§ WHAT THIS TASK INVOLVES: Return the lines of the data below starting at the one holding "カーロス戦の興奮を、も う一度この誌上で味わっ てほしい。" and ending at the one holding "As part of Vigilance", word for word, leaving every picture out.

§ INFORMATION SUPPLIED:
______________________________
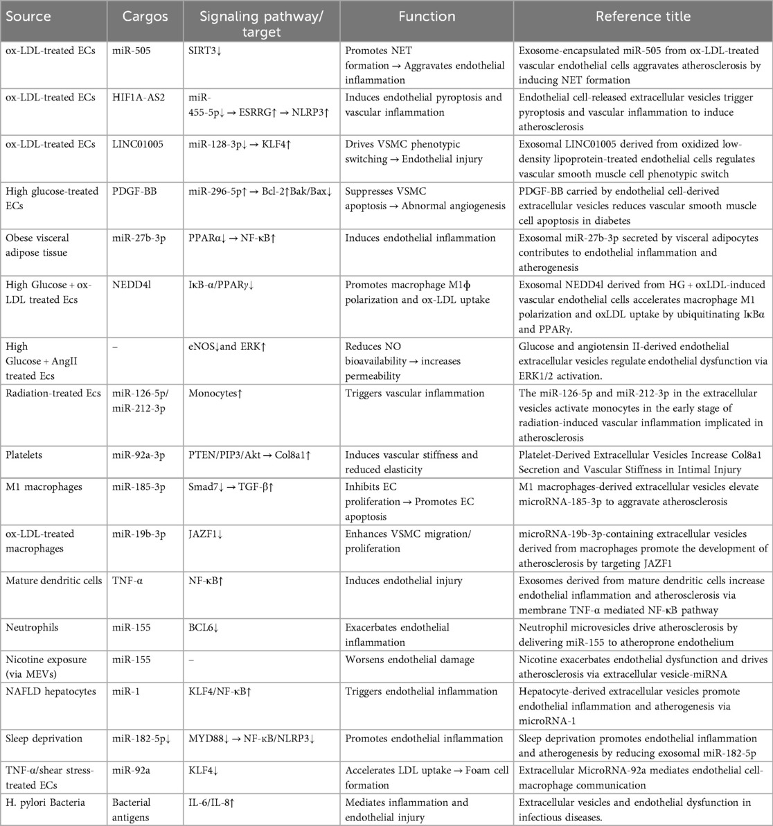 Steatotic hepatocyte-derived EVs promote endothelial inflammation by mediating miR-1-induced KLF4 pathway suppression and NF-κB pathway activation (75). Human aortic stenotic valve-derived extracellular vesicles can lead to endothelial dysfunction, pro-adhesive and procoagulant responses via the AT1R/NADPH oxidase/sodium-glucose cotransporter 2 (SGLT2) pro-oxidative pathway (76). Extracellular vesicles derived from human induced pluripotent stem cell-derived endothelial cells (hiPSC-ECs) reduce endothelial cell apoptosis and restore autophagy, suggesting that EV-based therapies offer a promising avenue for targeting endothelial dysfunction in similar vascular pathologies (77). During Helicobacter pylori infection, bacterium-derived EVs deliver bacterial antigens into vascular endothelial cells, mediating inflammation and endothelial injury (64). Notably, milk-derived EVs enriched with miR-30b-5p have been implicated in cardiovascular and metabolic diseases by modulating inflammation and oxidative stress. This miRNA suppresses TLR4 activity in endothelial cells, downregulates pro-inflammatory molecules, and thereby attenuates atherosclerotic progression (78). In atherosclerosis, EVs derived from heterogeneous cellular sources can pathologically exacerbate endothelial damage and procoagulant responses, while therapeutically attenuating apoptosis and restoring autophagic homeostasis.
______________________________
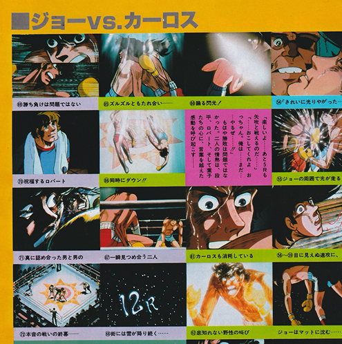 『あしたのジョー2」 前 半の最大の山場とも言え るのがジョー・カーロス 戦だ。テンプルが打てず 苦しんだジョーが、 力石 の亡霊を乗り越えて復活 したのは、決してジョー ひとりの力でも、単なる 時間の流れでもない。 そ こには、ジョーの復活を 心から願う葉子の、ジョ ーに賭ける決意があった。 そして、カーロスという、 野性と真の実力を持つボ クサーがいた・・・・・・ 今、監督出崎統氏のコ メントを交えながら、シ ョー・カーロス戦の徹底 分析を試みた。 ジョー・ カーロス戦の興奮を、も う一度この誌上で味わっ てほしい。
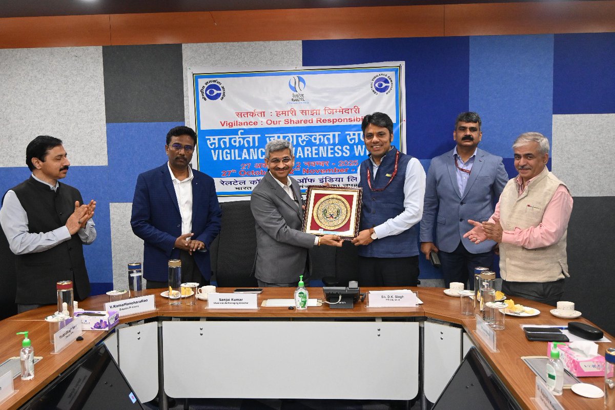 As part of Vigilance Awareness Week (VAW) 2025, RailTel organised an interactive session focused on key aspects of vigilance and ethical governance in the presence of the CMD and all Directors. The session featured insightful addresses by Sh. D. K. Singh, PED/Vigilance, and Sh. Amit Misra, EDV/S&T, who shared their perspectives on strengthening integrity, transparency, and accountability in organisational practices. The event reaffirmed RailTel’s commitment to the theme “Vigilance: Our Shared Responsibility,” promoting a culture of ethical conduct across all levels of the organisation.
______________________________
§ RESPONSE TO THE EXERCISE:
 『あしたのジョー2」 前 半の最大の山場とも言え るのがジョー・カーロス 戦だ。テンプルが打てず 苦しんだジョーが、 力石 の亡霊を乗り越えて復活 したのは、決してジョー ひとりの力でも、単なる 時間の流れでもない。 そ こには、ジョーの復活を 心から願う葉子の、ジョ ーに賭ける決意があった。 そして、カーロスという、 野性と真の実力を持つボ クサーがいた・・・・・・ 今、監督出崎統氏のコ メントを交えながら、シ ョー・カーロス戦の徹底 分析を試みた。 ジョー・ カーロス戦の興奮を、も う一度この誌上で味わっ てほしい。
 As part of Vigilance Awareness Week (VAW) 2025, RailTel organised an interactive session focused on key aspects of vigilance and ethical governance in the presence of the CMD and all Directors. The session featured insightful addresses by Sh. D. K. Singh, PED/Vigilance, and Sh. Amit Misra, EDV/S&T, who shared their perspectives on strengthening integrity, transparency, and accountability in organisational practices. The event reaffirmed RailTel’s commitment to the theme “Vigilance: Our Shared Responsibility,” promoting a culture of ethical conduct across all levels of the organisation.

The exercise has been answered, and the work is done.